The guiding framework of this series is to eliminate the use of jargon and to break down crypto concepts into the simplest possible terms. These explanations are intended to form the basis of a sound introduction into the world of blockchain and cryptocurrency.
In ancient Greece, an Oracle was some-one who could read or interpret the future or the will of the gods and provide guidance to navigating whatever lay ahead. In terms of crypto, an Oracle provides a blockchain with information that facilitates a decision within a smart contract. The if A then B structure of a smart contract requires independently verifiable data in order to execute. A blockchain cannot, in itself, access real-world data but only interpret it.
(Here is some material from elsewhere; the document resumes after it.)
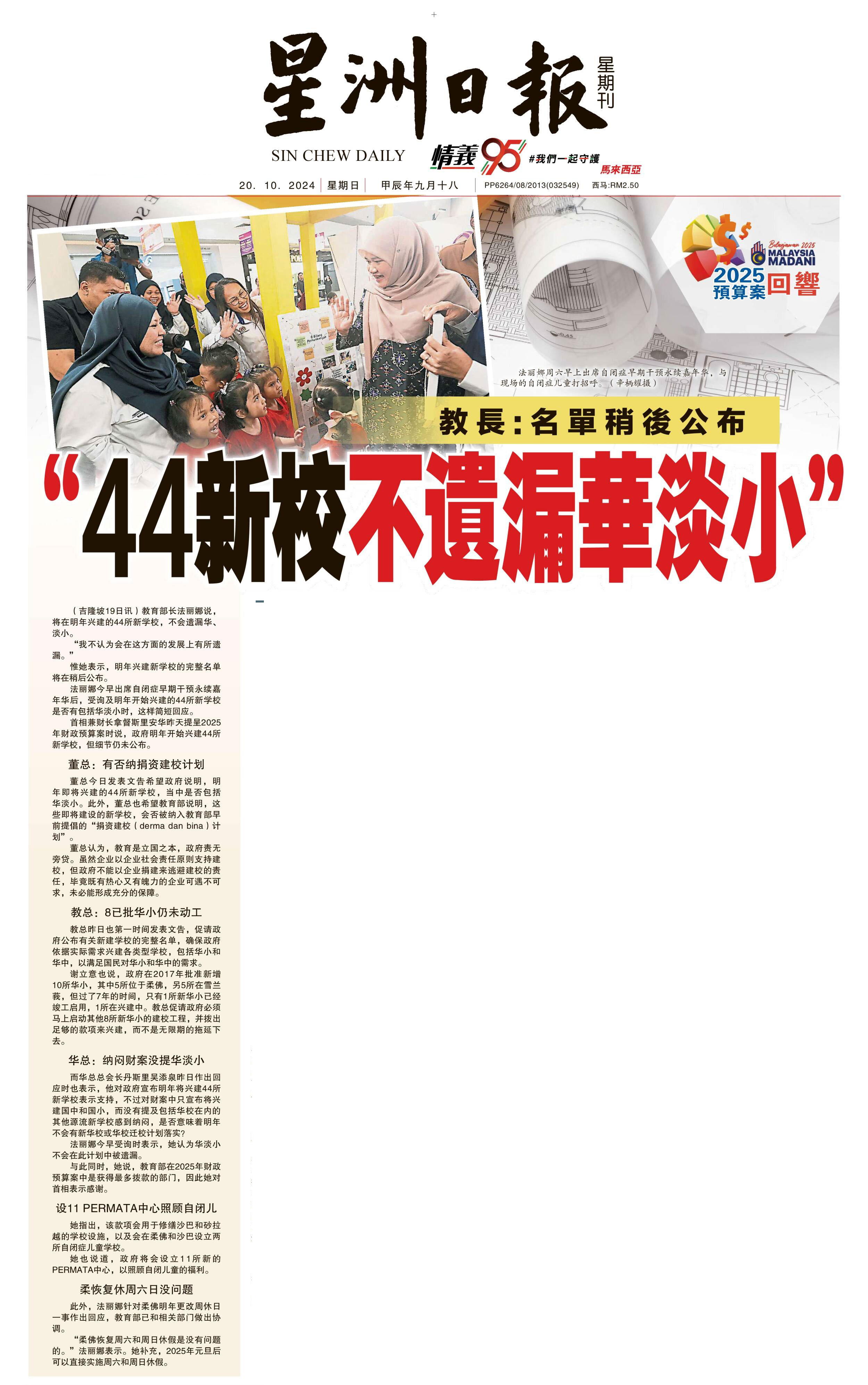 教长:名单稍后公布"44新校不遗漏华淡小" WhatsApp 上一篇文章: 谢立意:增建新华小数目不详 应先拨款完成10+6 上一页 下一篇文章: 董总:盼支援3民办高等学府 学校拨款细节应列明 下一页

An Oracle, therefore, is the source that provides the information required in order for the terms and conditions of the contract to be assessed and carried out.
The blockchain which hosts a smart contract is the record keeper – the Oracle is the supplier of those records. The importance of the reliability of the supplier is obvious. If a smart contract draws information from a biased or compromised source it will nonetheless execute. The data supplied to the contract could be anything from a temperature reading to airline departure times depending on the requirements of the particular contract.
The primary challenge with Oracles is the requirement of trust – unlike a blockchain transaction – Oracles supply information which the blockchain itself cannot independently verify – it simply reacts to that data. Simply nominating a centralized authority to interpret the ‘correctness’ of information wouldn’t in itself, address the requirements of verification as that authority could and, in some cases, certainly would alter data to their own benefit.
In truth, managing this relationship between an immutable blockchain, automated smart contracts and external sources of reliable information is still in early development and the key impediment to the general rollout of smart contracts throughout the wider economy.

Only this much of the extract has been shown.